### ACTIVITY
Reproduce exactly, leaving out pictures, each line from the one holding "WEICON Flex 310" through the final line of the listing, and add nothing.
(RAW DATA)
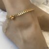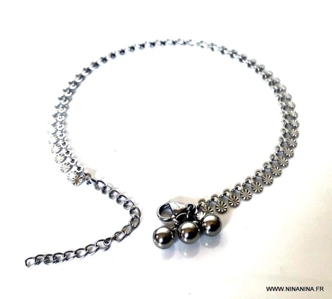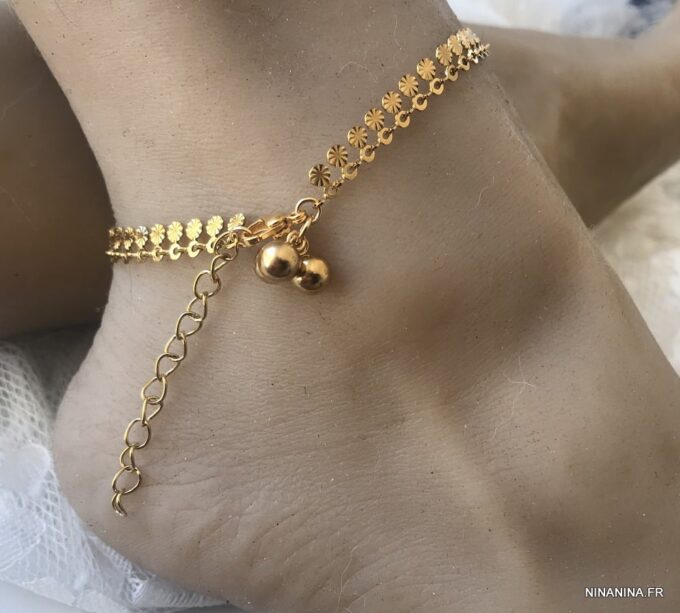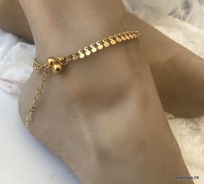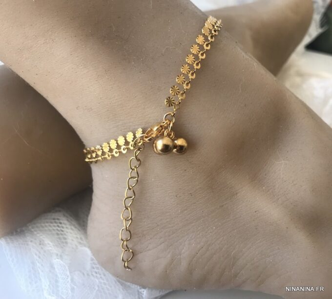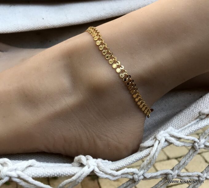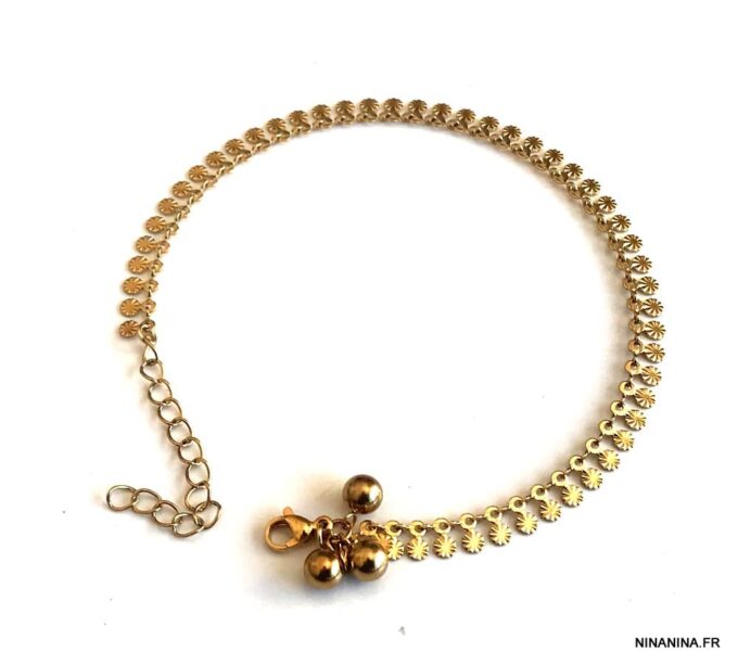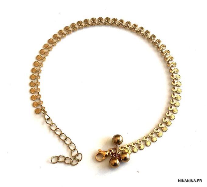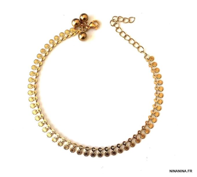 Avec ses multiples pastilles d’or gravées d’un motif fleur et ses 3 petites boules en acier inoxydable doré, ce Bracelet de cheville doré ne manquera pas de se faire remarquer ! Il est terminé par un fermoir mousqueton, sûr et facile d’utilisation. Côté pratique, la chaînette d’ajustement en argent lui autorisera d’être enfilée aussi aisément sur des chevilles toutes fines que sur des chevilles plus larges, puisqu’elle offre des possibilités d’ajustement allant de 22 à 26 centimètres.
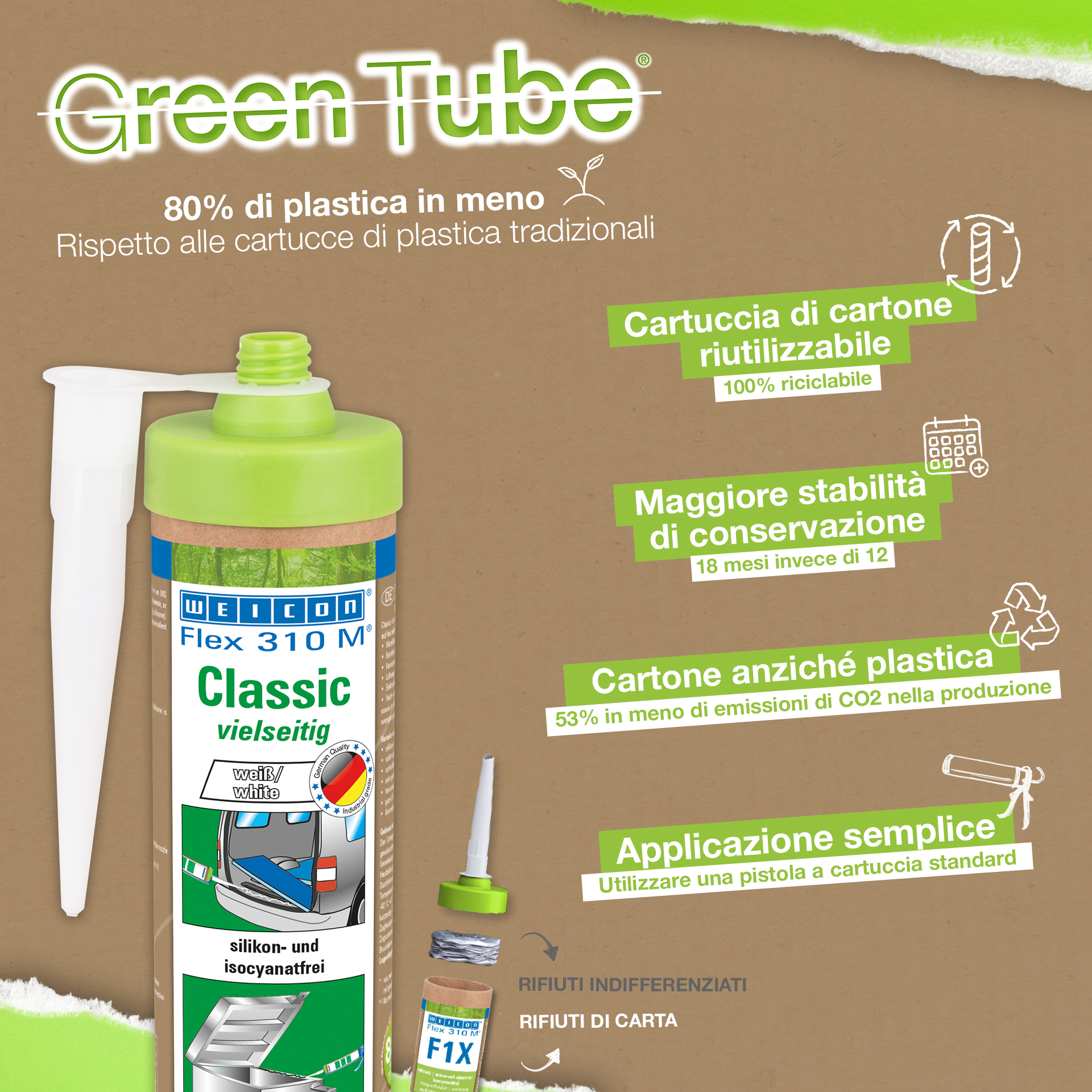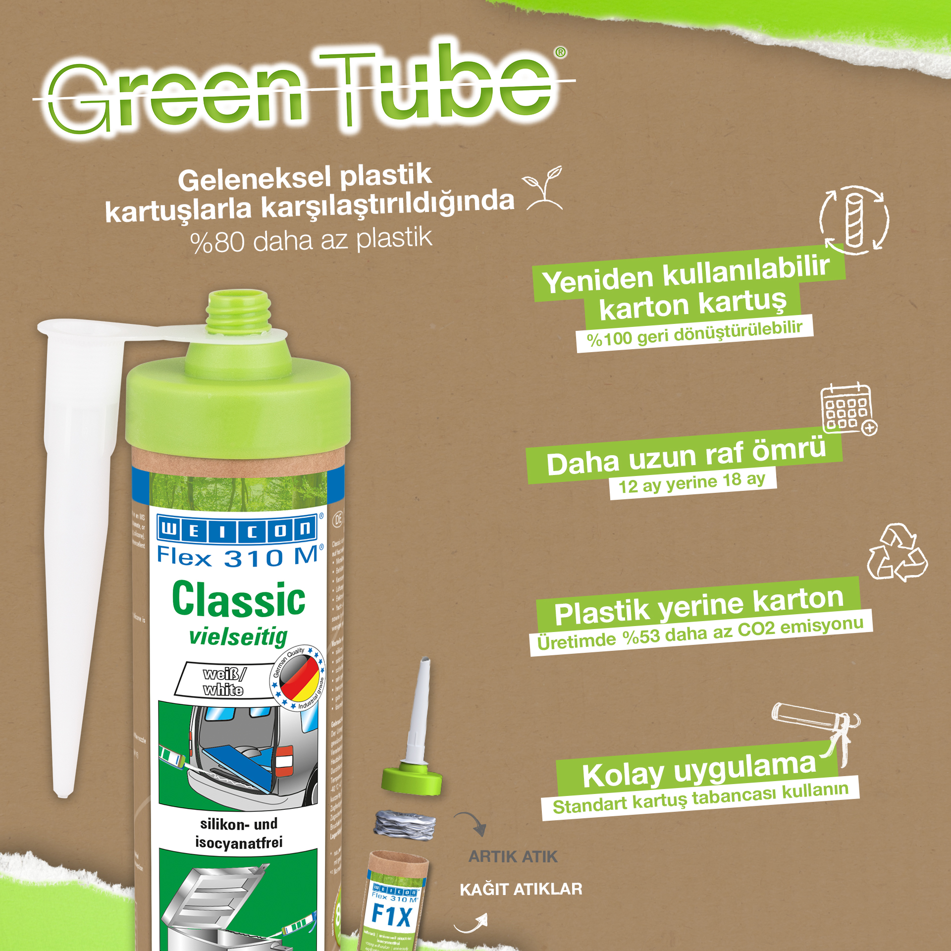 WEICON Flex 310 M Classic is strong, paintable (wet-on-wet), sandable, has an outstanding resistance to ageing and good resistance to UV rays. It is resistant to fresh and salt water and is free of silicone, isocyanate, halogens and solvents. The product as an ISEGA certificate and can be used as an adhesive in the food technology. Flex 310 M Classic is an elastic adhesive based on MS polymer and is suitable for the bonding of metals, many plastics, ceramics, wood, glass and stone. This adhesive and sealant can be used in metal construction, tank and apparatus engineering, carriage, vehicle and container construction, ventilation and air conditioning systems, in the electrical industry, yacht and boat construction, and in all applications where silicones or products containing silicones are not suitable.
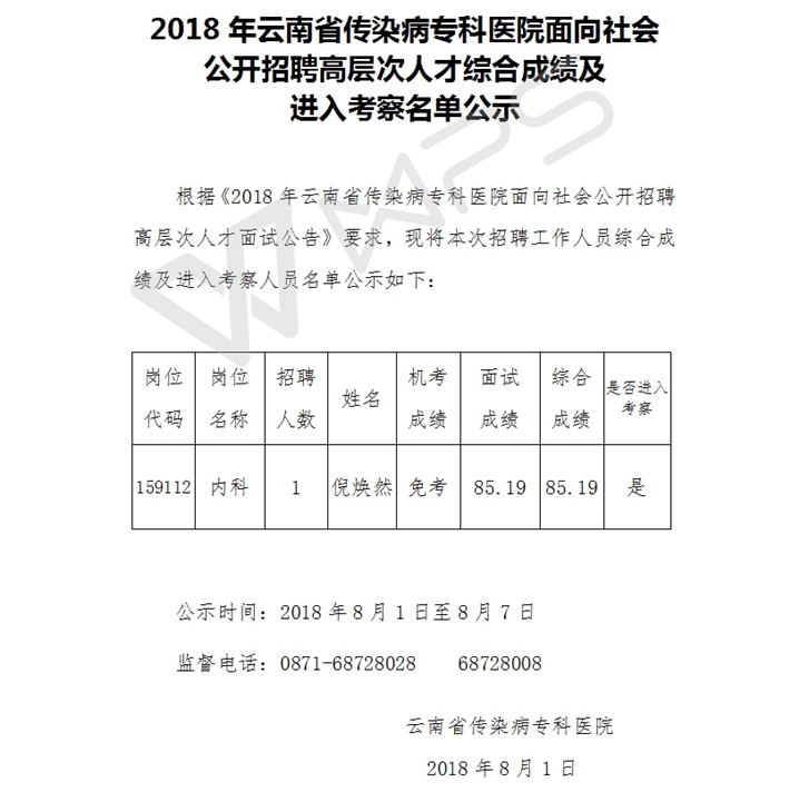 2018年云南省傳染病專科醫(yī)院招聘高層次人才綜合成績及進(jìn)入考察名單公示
(End RAW DATA)
### FINAL ANSWER
 WEICON Flex 310 M Classic is strong, paintable (wet-on-wet), sandable, has an outstanding resistance to ageing and good resistance to UV rays. It is resistant to fresh and salt water and is free of silicone, isocyanate, halogens and solvents. The product as an ISEGA certificate and can be used as an adhesive in the food technology. Flex 310 M Classic is an elastic adhesive based on MS polymer and is suitable for the bonding of metals, many plastics, ceramics, wood, glass and stone. This adhesive and sealant can be used in metal construction, tank and apparatus engineering, carriage, vehicle and container construction, ventilation and air conditioning systems, in the electrical industry, yacht and boat construction, and in all applications where silicones or products containing silicones are not suitable.
 2018年云南省傳染病專科醫(yī)院招聘高層次人才綜合成績及進(jìn)入考察名單公示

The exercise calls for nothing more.